Audit Fees and Other Services
Audit fees received or due and receivable by Strathmore’s auditors PricewaterhouseCoopers were $8,000 (1998 -$13,000) and $3,000 for CES Communications Limited. No other fees for any other services were paid to PricewaterhouseCoopers during the year (1998 - $1,000).
Committees of the Board
There are no committees of the Board, audit or otherwise.
The Year in Review
Strathmore's investment in CES Communications Limited ("CES") continued to disappoint with CES failing to achieve satisfactory revenues. For some considerable time CES continued under difficult financial conditions. It became inevitable that to continue on the path it was on, CES would require significant further funding. Your directors decided they were not prepared to risk further Strathmore funds, and in June 1999 our shareholding in CES was sold for a nominal consideration.

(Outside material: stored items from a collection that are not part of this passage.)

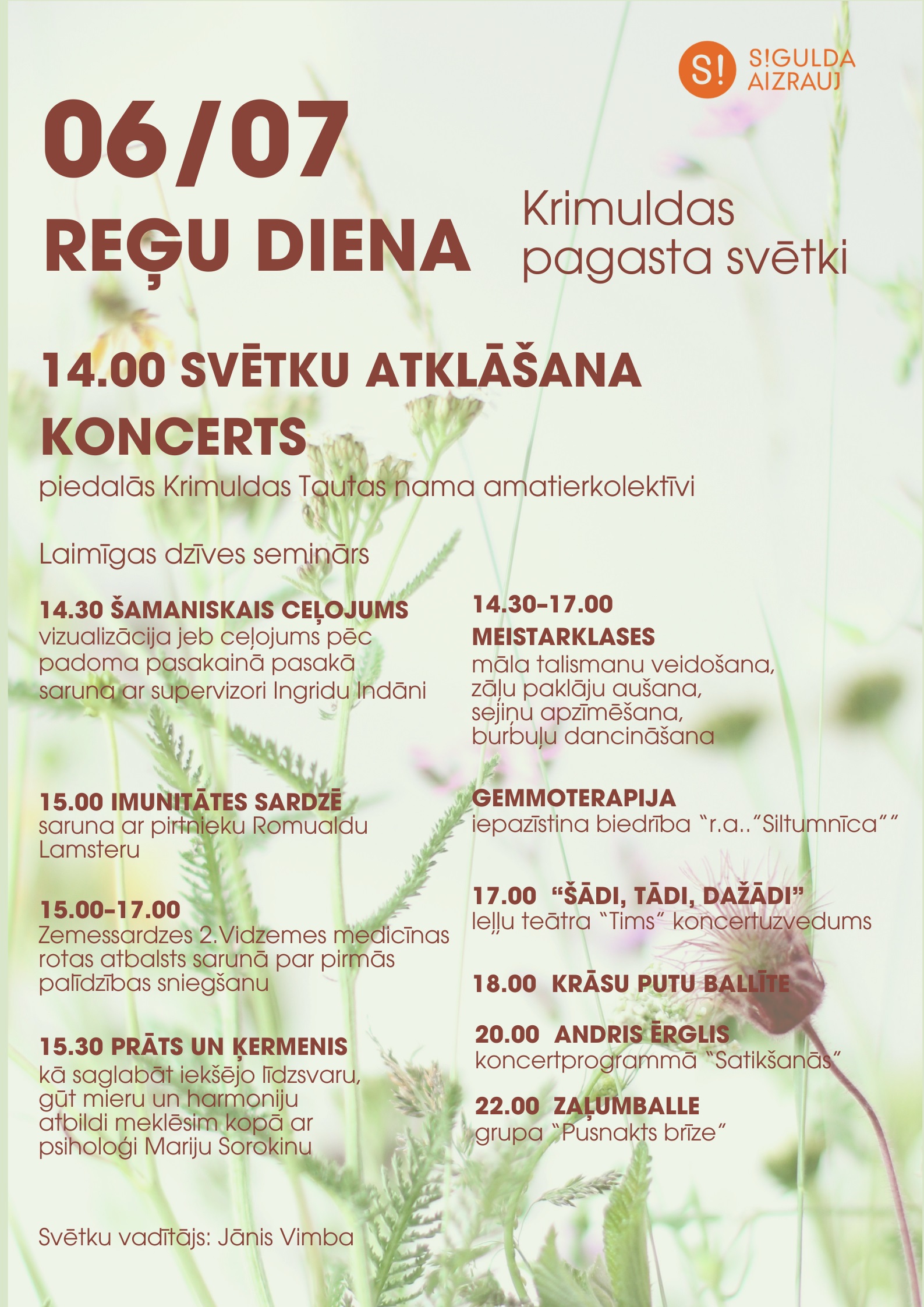 Svētkus caurvij tematika “Laimīgas dzīves seminārs”. Pasākuma laikā savos pieredzes stāstos un zināšanās praktiskajās nodarbībās dalīsies supervizore Ingrida Indāne, psiholoģe Marija Sorokina, pirtnieks Romualds Lamsters, Zemessardzes 2. Vidzemes Medicīnas rotas speciālisti un Krimuldas Brīvprātīgo ugunsdzēsēju brigāde. Mazajiem svētku dalībniekiem būs iespēja līdzdarboties vairākās radošajās darbnīcās, iepazīties ar pirmo pastaigu maršrutu Raganā “Es Tev parādīšu, kas mums te interesants”, ko veidoja pirmsskolas izglītības iestādes “Krimulda” audzēkņi, kā arī noskatīties koncertuzvedumu “Šādi, tādi, dažādi” un izbaudīt putu ballītes priekus.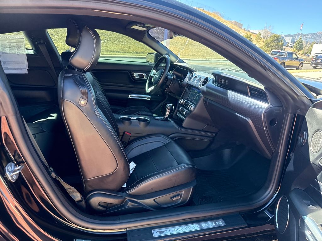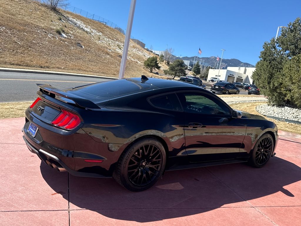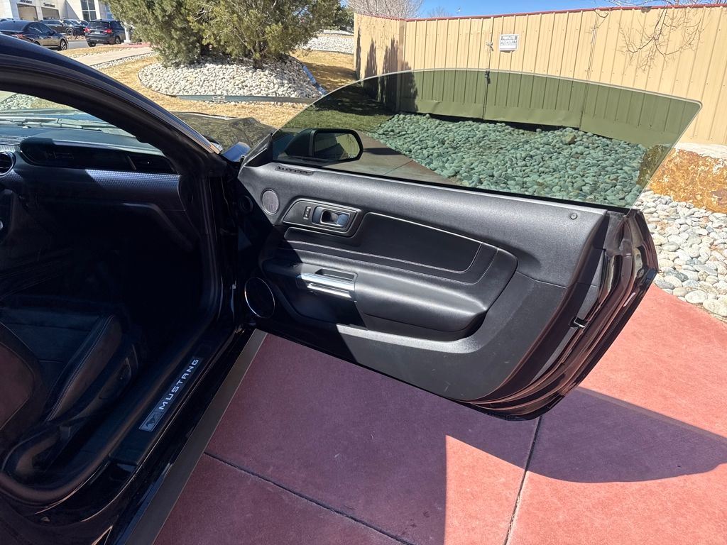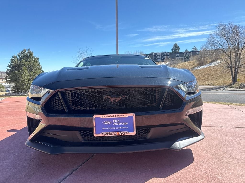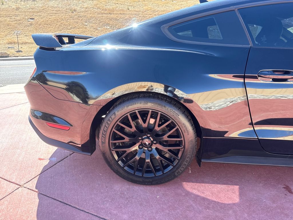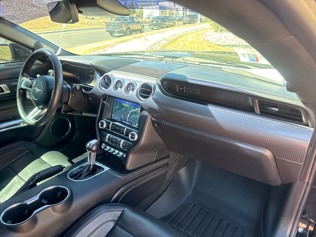 Enhanced Security Package (Active Anti-Theft System and Wheel Locking Kit), Equipment Group 401A (Blind Spot Info System w/Cross-Traffic Alert, Leather Bucket Seats w/Color Accents, and Memory Driver Seat, Mirrors & Ambient Lighting), Ford Safe & Smart Package (Adaptive Cruise Control, Automatic High Beam, Lane-Keeping System, Pre-Collision Assist w/Pedestrian Detection, and Rain-Sensing Windshield Wipers), GT Performance Package (Engine Spun Aluminum Instrument Panel, Gauge Pack (Oil Pressure & Vacuum), Heavy-Duty Front Springs, Larger Brake Rotors, Larger Radiator, Unique Stability Control, and Wheels: 19" x 9" Fr & 19" x 9.5" Rr Ebony Black), Premium Plus Package (Voice-Activated Touch-Screen Navigation System), Bumpers: body-color, Front Bucket Seats, Split folding rear seat, Tachometer, Telescoping steering wheel, 4-Wheel Disc Brakes, ABS brakes, Active Valve Performance Exhaust, Air Conditioning, Alloy wheels, AM/FM Stereo, Auto-dimming Rear-View mirror, Brake assist, Compass, Delay-off headlights, Driver door bin, Driver vanity mirror, Dual front impact airbags, Dual front side impact airbags, Electronic Stability Control, Emergency communication system: 911 Assist, Exterior Parking Camera Rear, Four wheel independent suspension, Front anti-roll bar, Front Center Armrest, Front fog lights, Front reading lights, Fully automatic headlights, Illuminated entry, Knee airbag, Low tire pressure warning, MagneRide Damping System, Occupant sensing airbag, Outside temperature display, Overhead airbag, Overhead console, Panic alarm, Passenger door bin, Passenger vanity mirror, Power door mirrors, Power driver seat, Power passenger seat, Power steering, Power windows, Radio data system, Rear anti-roll bar, Rear window defroster, Remote keyless entry, Security system, Speed control, Speed-sensing steering, Speed-Sensitive Wipers, Spoiler, Steering wheel mounted audio controls, Tilt steering wheel, Traction control, Trip computer, Variably intermittent wipers, Voltmeter, and Wheels: 18" x 8" Machined-Face Aluminum.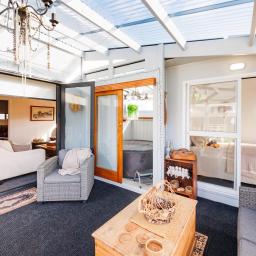 Excellent indoors to outdoors with a beautifully semi-enclosed patio from the kitchen area, and a spacious sunroom off the dining/living area. Two double bedrooms plus studio, which is currently being utilised as a third bedroom, is adjacent to the spa pool area. Quality window dressings, tiled floors, neutral carpet, provides a calming decor that all adds up to a very appealing and restful interior.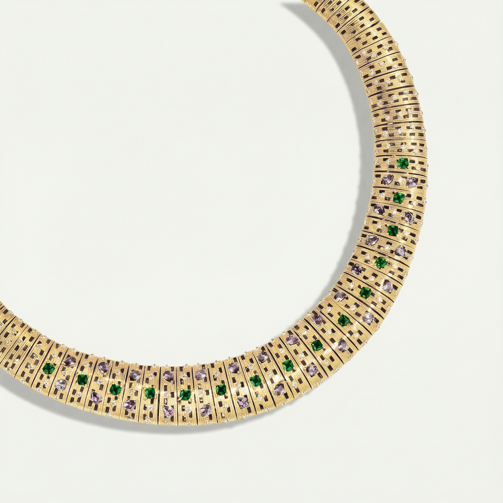 Işıltılı detaylarıyla dikkat çeken 14 Ayar Altın Mor ve Yeşil Taşlı Set, mor ve yeşil taşların zarif uyumunu altının sıcak tonuyla buluşturuyor. Kolyeden bilekliğe, küpeden yüzüğe kadar her parçada yer alan taş dizilimi tasarıma canlı bir ritim kazandırıyor. Geniş formdaki kolye ve bileklik, klasik şıklığı güçlü bir duruşla yansıtırken, küpe ve yüzükteki ince işçilik bütünlüğü tamamlıyor. Renklerin enerjisiyle sofistike bir görünüm sunan bu set, özel davetlerde gösterişli bir zarafet hissi uyandırıyor. Regold logolu özel kutusunda ve garanti belgesiyle birlikte sunulmaktadır.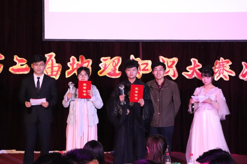 经过初赛、复赛的重重选拔,来自英国365集团、文学院、历史与社会发展学院等学院的8位同学成功进入决赛。在优美古典的开场舞《大鱼》结束后,本次比赛正式拉开帷幕,比赛共分为“曲水流觞”、“分曹射覆”和“琵琶新弹”三个环节。首先进行的是第一、二环节,主要考察选手们的地理知识储备,他们仔细审题,快速思考,应答如流,充分展现了自己不俗的地理素养,赢来满堂喝彩。与此同时,刘琳老师、程钰老师对题目以及视频中出现的相关地理知识进行严谨而生动的讲解,其中程钰老师由侵蚀地貌引出喀斯特地貌,用风趣幽默的语言向同学们详细介绍了喀斯特地貌的形成原理和过程。紧接着,由院十大歌手何宇彤和王若强带来的歌曲《不染》深情动人,引起在场观众的阵阵欢呼。接下来的“琵琶新弹”环节更可谓精妙绝伦,选手们就自己所熟悉的地理知识围绕“习山水之理 扬尚学之风”的主题采用丰富多彩的形式进行展示。其中,歌曲表演《将进酒》、《离骚》分别呈现了嵩山、楚地等地区的独特地理韵味;《春夜喜雨》使用诗歌朗诵与PPT讲解相结合的方式,将春雨的朦胧与美丽诠释的淋漓尽致;地理版《青花瓷》更是古色古香,带给观众眼前一亮的感觉。在随后进行的你画我猜互动环节中,主持人邀请评委和观众上台进行游戏互动,将现场气氛推向高潮。最终,经过三个环节的激烈比拼,王鹏、穆亚楠荣获一等奖,刘刚、董善博和王曦荣获二等奖,王冬枝、王琪和刘昕荣获三等奖,其中,穆亚楠荣获最佳人气奖。

No share trading was undertaken by Strathmore in the last year. However as a result of foreign exchange positions taken, net losses of $164,000 were sustained.
The Current Position
At 31 July 1999 Strathmore’s assets primarily consisted of $2,252,000 cash deposits in varying currencies and a 33.1% stake in Wellington Drive Technologies Limited ("Wellington Drive").
In July and August shareholders were offered the opportunity to cancel 33.76% of their Strathmore shares by way of a share buyback and for each share cancelled they were to receive 3 Wellington Drive shares. This offer was accepted by 86.2% of Strathmore's shareholders at that time. As a result of this 6,450,540 Strathmore shares were cancelled and 19,351,620 Wellington Drive shares were distributed to shareholders. Wellington Drive has appealing prospects and it is hoped shareholders will be more than recompensed for their direct stake in Wellington Drive. This distribution has allowed Strathmore to restructure and the directors are grateful to those shareholders whom accepted the offer.
Strathmore shareholders will be aware that the Thomson family agreed to sell all of the Strathmore shares they owned to Saree Holdings Limited ("Saree"). Saree in turn on-sold most of these shares to a group of investors which resulted in Advantage Group becoming a cornerstone shareholder holding around 20% of Strathmore. Other shareholders include Cullen Investments, at 10%, with the balance held by other investors. These changes in shareholders were completed on 3 September 1999.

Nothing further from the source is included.